Fate of distal aorta after frozen elephant trunk and total arch replacement for type A aortic dissection in Marfan syndrome.

J Thorac Cardiovasc Surg

Department of Cardiovascular Surgery, Beijing Anzhen Hospital, Capital Medical University, and Beijing Institute of Heart Lung and Blood Vessel Diseases, Beijing, China; Fu Wai Hospital and Cardiovascular Institute, Chinese Academy of Medical Sciences, Beijing, China. Electronic address:

Published: March 2019

Objective: The use of the frozen elephant trunk technique for type A aortic dissection in Marfan syndrome is limited by the lack of imaging evidence for long-term aortic remodeling. We seek to evaluate the changes of the distal aorta and late outcomes after frozen elephant trunk and total arch replacement for type A aortic dissection in patients with Marfan syndrome.

Methods: Between 2003 and 2015, we performed frozen elephant trunk + total arch replacement for 172 patients with Marfan syndrome suffering from type A aortic dissection (94 acute; 78 chronic). Mean age was 34.6 ± 9.3 years, and 121 were male (70.3%). Early mortality was 8.1% (14/172), and follow-up was complete in 98.7% (156/158) at a mean of 6.2 ± 3.3 years. Aortic dilatation was defined as a maximal diameter of greater than 50 mm or an average growth rate of greater than 5 mm/year at any segment detected by computed tomographic angiography. Temporal changes in the false and true lumens and maximal aortic size were analyzed with linear mixed modeling.

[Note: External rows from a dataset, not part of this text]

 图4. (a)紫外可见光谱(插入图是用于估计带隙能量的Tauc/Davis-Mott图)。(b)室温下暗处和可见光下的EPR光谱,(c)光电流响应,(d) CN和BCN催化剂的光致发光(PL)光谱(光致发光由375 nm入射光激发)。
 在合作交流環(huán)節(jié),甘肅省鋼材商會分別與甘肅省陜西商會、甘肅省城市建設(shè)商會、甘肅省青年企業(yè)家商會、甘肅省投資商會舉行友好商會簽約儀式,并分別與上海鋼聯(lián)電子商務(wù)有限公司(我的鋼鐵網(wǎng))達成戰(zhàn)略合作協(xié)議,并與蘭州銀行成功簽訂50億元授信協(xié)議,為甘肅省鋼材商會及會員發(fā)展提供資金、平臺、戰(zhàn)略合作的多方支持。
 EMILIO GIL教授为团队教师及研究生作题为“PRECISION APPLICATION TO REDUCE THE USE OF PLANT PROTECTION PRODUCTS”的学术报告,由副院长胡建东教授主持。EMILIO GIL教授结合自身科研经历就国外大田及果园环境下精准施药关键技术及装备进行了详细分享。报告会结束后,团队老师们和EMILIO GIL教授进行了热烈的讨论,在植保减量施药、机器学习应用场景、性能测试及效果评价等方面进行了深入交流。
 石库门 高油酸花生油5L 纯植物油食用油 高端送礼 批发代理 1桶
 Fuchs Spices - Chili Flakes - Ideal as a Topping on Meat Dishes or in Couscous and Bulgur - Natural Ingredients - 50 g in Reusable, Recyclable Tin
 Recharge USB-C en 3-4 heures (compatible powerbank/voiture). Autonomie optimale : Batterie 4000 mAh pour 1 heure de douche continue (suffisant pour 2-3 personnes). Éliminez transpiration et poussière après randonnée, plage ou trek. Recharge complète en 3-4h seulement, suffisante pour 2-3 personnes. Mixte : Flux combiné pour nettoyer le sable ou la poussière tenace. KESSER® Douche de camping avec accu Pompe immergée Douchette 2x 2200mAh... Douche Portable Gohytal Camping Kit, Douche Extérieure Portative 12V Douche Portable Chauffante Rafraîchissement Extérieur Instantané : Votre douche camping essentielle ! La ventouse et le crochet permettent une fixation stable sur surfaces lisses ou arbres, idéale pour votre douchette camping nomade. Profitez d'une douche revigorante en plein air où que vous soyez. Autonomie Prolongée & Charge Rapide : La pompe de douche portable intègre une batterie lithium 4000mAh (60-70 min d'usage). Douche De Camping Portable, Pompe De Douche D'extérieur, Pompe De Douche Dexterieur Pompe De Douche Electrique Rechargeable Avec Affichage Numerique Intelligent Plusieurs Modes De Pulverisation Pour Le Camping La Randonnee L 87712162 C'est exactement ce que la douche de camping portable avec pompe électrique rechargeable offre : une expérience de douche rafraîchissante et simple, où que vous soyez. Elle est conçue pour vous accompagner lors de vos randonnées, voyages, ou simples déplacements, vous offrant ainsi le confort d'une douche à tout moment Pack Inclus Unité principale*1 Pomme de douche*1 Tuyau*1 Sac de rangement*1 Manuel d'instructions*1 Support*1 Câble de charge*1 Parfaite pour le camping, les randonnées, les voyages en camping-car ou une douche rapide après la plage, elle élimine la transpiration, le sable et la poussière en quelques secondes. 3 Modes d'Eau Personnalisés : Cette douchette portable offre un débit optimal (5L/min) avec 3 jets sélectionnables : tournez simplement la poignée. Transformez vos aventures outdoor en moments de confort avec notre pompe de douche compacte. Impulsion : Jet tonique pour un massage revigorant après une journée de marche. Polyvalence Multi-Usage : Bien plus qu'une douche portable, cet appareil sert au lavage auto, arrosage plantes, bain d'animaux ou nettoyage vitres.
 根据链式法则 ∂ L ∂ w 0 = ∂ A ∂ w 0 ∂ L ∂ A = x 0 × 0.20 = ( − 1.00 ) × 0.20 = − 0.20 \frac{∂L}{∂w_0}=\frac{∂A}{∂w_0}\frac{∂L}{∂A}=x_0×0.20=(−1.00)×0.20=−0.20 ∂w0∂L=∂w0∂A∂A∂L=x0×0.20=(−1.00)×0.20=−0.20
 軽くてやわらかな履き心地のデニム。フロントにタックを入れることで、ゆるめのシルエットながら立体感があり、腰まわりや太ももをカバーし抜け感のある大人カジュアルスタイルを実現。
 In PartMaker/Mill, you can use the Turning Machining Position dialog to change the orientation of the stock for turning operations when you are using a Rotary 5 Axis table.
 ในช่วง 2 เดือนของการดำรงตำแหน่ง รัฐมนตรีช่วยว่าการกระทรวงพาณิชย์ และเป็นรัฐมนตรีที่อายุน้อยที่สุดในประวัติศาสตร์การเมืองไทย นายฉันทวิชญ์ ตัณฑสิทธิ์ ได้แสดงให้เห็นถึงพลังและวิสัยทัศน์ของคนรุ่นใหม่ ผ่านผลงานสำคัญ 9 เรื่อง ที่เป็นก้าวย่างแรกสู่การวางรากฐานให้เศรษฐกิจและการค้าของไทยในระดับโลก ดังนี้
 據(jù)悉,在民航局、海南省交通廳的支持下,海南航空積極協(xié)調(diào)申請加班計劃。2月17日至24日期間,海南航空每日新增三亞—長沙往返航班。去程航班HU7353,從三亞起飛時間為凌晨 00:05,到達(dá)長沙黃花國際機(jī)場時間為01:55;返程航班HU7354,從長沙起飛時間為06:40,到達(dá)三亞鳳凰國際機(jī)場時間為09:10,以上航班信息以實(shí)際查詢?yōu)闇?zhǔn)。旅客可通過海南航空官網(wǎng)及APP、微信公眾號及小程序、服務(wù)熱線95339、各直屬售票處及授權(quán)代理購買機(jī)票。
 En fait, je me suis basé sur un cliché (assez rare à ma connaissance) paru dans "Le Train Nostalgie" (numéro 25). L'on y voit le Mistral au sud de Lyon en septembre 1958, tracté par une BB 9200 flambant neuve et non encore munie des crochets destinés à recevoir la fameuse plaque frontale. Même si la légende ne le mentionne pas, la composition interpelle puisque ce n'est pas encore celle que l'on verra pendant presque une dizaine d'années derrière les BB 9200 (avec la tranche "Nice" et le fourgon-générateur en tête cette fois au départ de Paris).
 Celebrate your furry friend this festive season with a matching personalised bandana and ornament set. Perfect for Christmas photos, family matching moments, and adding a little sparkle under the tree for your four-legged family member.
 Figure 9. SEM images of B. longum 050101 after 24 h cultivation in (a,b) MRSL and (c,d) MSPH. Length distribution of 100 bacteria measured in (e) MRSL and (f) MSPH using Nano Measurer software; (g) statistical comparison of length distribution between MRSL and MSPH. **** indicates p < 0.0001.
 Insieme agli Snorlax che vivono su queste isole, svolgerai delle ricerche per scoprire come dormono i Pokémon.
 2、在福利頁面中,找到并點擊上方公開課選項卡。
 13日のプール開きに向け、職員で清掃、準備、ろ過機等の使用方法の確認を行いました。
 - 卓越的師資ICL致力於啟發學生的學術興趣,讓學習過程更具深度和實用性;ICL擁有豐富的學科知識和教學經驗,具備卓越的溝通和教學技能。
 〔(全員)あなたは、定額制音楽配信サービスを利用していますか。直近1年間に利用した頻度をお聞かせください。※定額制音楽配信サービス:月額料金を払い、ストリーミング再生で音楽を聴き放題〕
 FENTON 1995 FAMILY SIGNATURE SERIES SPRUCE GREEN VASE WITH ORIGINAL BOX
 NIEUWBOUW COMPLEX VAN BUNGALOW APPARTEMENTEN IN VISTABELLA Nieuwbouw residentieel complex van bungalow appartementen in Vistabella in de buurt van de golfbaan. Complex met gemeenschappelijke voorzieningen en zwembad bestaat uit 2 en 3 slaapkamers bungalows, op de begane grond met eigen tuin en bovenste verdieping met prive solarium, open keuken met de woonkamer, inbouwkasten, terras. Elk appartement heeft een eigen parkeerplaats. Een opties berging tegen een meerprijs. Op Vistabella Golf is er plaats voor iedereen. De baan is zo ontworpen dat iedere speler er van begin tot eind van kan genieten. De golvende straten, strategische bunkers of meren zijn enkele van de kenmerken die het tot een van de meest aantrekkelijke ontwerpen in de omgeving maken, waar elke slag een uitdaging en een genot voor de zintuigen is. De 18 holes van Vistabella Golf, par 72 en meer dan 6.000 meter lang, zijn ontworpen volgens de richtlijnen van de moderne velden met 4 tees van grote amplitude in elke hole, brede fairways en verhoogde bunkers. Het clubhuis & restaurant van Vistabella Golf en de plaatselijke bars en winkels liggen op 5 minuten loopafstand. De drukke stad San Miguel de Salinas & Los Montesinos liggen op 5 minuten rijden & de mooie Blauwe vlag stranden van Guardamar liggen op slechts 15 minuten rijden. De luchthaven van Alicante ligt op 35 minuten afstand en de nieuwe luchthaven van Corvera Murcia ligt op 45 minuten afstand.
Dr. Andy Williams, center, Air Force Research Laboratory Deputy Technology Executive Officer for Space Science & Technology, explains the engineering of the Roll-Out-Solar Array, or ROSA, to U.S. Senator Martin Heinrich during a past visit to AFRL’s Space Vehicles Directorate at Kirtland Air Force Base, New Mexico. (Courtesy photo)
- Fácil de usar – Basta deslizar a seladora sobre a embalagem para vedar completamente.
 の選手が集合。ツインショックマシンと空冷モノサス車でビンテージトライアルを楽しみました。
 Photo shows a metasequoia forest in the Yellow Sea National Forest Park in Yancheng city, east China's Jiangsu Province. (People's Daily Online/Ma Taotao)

Results: After surgery, false lumen obliteration occurred in 86%, 39%, 26%, and 21% at the frozen elephant trunk, unstented descending aorta, diaphragm, and renal artery, respectively. The true lumen expanded significantly over time at all segments (P < .001), whereas the false lumen shrank at the frozen elephant trunk (P < .001) and was stable at distal levels (P > .05). Maximal aortic size was stable at the frozen elephant trunk and renal artery (P > .05), but grew at the descending aorta (P = .001) and diaphragm (P < .001). Respective maximal aortic sizes before discharge were 40.2 mm, 32.1 mm, 31.6 mm, and 26.9 mm, and growth rate was 0.4 mm/year, 2.8 mm/year, 3.6 mm/year, and 2.6 mm/year. By the latest follow-up, distal maximal aortic size was stable in 63.5% (99/156), and complete remodeling down to the mid-descending aorta occurred in 28.8% (45/156). There were 22 late deaths and 23 distal reoperations. Eight-year incidence of death was 15%, reoperation rate was 20%, and event-free survival was 65%. Preoperative distal maximal aortic size (mm) predicted dilatation (hazard ratio, 1.11; P < .001) and reoperation (hazard ratio, 1.07; P < .001). A patent false lumen in the descending aorta predicted dilatation (hazard ratio, 3.88; P < .001), reoperation (hazard ratio, 3.36; P = .014), and late death (hazard ratio, 3.31; P = .045).

Conclusions: The frozen elephant trunk technique can expand the true lumen across the aorta, decrease or stabilize the false lumen, and stabilize the distal aorta in patients with Marfan syndrome with type A aortic dissection, thereby inducing favorable remodeling in the distal aorta. This study adds long-term clinical and radiologic evidence supporting the use of the frozen elephant trunk technique for type A dissection in Marfan syndrome.